Halat currently faces felony charges for welfare fraud.
After digging into claims made in Halat's candidacy, KTVA found several that don't appear to check out.
On paper, 33-year-old Bekah Halat is an accomplished woman. Her campaign website says she owns two businesses and lists more than a dozen awards -- including being named Mrs. Alaska in 2014.
But, there doesn't appear to be any evidence of Halat in that role online.
According to the Mrs. Alaska USA's website, Mrs. Alaska 2014 was a woman named Erica Chilla. And the Mrs. Alaska America pageant says their winner that year was April Wallen. Both pageants say they are the only two sanctioned pageants in the state.
According to their records, Halat has never won a state pageant, though she has competed in the past.
But, that's perhaps the most benign of the inconsistencies in Halat's campaign.
Earlier this month, the State of Alaska filed felony charges against Halat and her husband, Jarek, for welfare fraud. According to charging documents, investigators found the couple had a bank account that contained between $35,000 and $40,000 the pair hadn't reported to the state. Investigators later concluded the couple was "well-above the food stamps resource limit during the entire time they received food stamps."

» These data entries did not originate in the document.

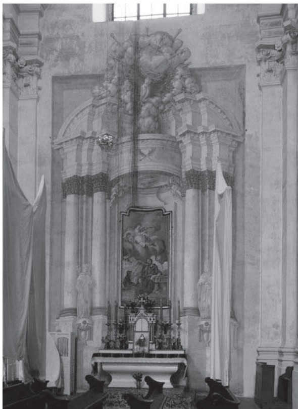
Fig. 4. Side altar of St. Francis in the church of Friars Minor in Budslaw (photo: G. Trimakas, 1977)

Il. 4. Boczny ołtarz św. Franciszka w kościele bernardyńskim w Budslawiu (fot. G. Trimakas, 1977)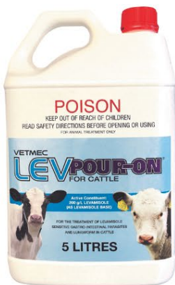
Vetmec LEV Pour-On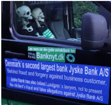
DSC05315 s.JPG 1031K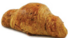
Croissant Zaatar SIZE: 30 G PACKING:200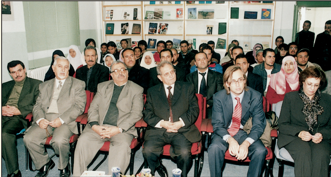
Part of the celebration

Al al-Bayt University witnessed on November 15, 2006, the inauguration of the Italian Cultural Day which was organized by the University's Language Centre and Department of Modern Languages in collaboration with the Italian Embassy in Amman.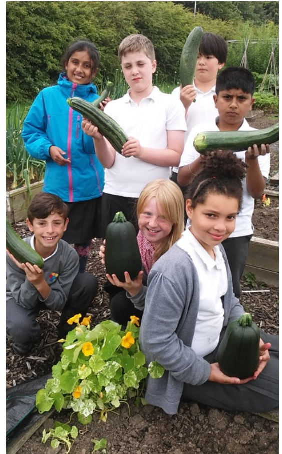
Juniors harvesting as part of their Farfield Farm summer sessions. From September, this will be added to Year 2 as well. Younger children will still be able to visit with their classes.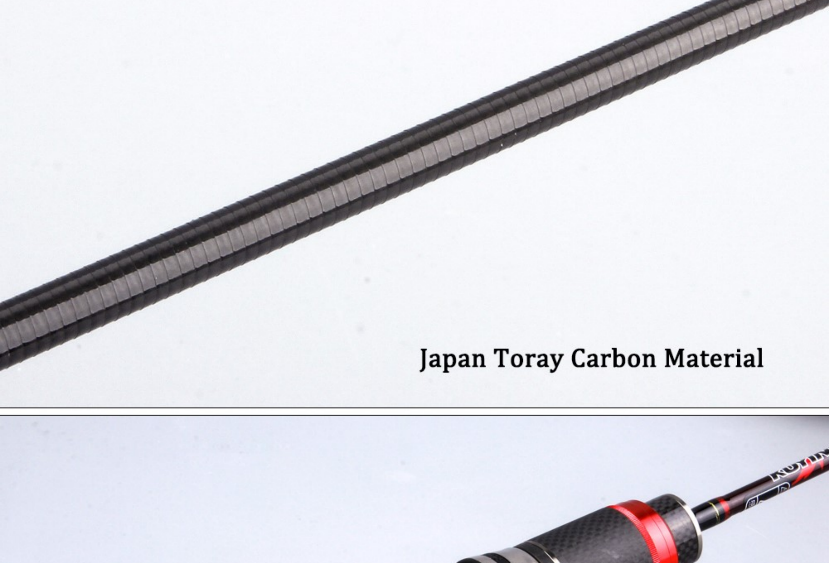
Japan Toray Carbon Material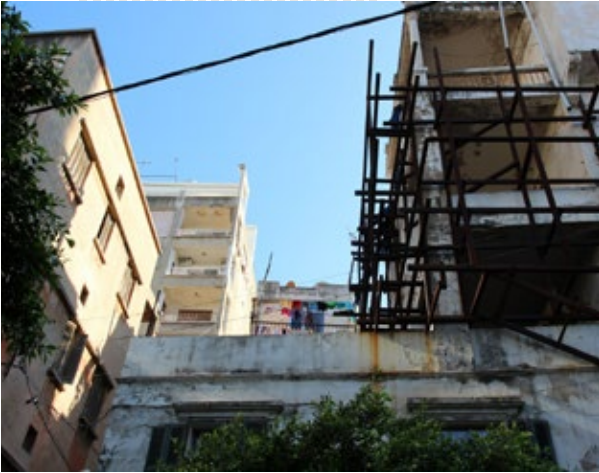
Developing capacities and exploring solutions to land and tenure security challenges in the Arab States.

13. To a large extent, the evaluation focused on the implementation of land tools in six pilot countries that were selected under the GLTN's second phase, five of which are in Africa. The lower level of activity in other regions ultimately limited the programme's global impact. Most in-country demonstrations were based on the Social Tenure Domain Model (STDM) tool and participatory enumerations, with lesser use of tools such as the Gender Evaluation Criteria (GEC).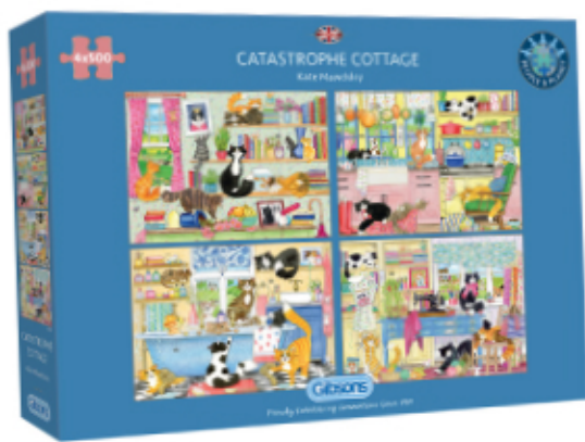
G5062 Catastrophe Cottage 4 x 500pcs - £25.00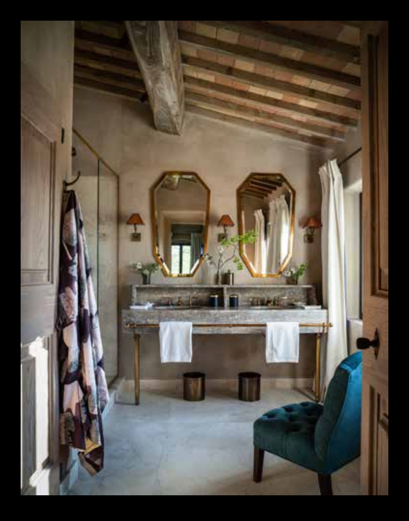
The bathtub within the master bedroom and ensuite shower room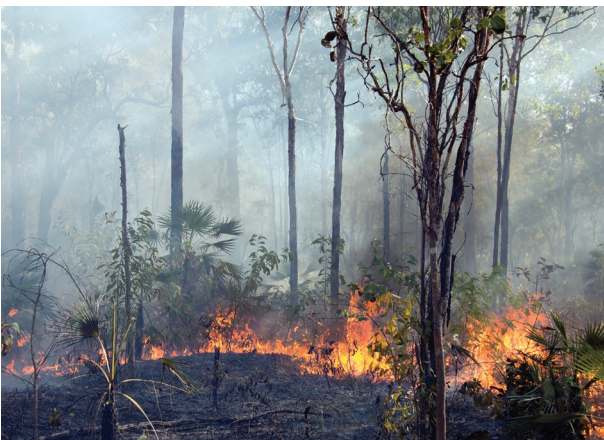
A low-intensity early dry-season burn in tropical savanna.

We identified a number of sites in the Top End that support a high number of mammal species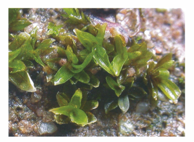
Figure 4. Close-up of Tortula amplexa at Eardington.

a very restricted global range, currently thought to comprise western Canada (British Colombia & Manitoba), the western USA (Arizona, California & Washington) and the UK (Zander & Eckel, 2005) {incidentally, Zander & Eckel return it to T. amplexa, following Cano & Gallego (2003), rather than Syntrichia amplexa where Zander referred it in 1993}. When its only known European colonies were in day pits in one tiny area in central England, owned at one time by firms with links to north America, it seemed almost inevitable that T. amplexa was an introduction to Britain, possibly arriving on imported quarrying machinery (English Nature introduced species audit, from www.brc.ac.uk). The Shropshire colony could easily have originated from Leicestershire, as the French-owned company that owns the Eardington pit operates numerous sand and clay pits throughout Britain, including Leicestershire; indeed it may have come in directly with clay and gravel for readymix production. Alternatively, though, T. amplexa could be a rare native plant of bare, clayey ground that has been overlooked as an odd, non-fertile Pottia or a large Barbula. The disjunct distribution of T. amplexa, comprising Western Europe and Western North America, is shared by several species, albeit mostly with southerly distributions, including Tortula bolan-

During that same time, Halat somehow contributed thousands of dollars of her own money to her campaign. According to Halat's campaign finance report, filed with the Alaska Public Offices Commission, Halat made two $2,000 deposits into her campaign account last month while on public assistance.
Halat identifies as self-employed on the report, listing her occupation as "businesswoman."
But according to state records, Halat has just one active business license-- for a mobile food service called Super Beans.
A Facebook page with that name identifies the business as a coffee shop, but a visit to the location listed online led to an empty parking lot.
With several claims that don't appear to match up, Halat's bid for office now raises questions about whether what's printed on her campaign website is really an accurate reflection of what's written in her past.
KTVA reached out to Halat to inquire about all of the discrepancies, including whether Super Beans is still operational, but has not received a response.
Meanwhile, Halat and her husband are scheduled for an arraignment on charges of food stamp fraud on August 24, three days after the primary election.
According to the Dept. of Law, Halat could face jail time if convicted on all charges -- up to six years in prison. Her husband faces similar charges.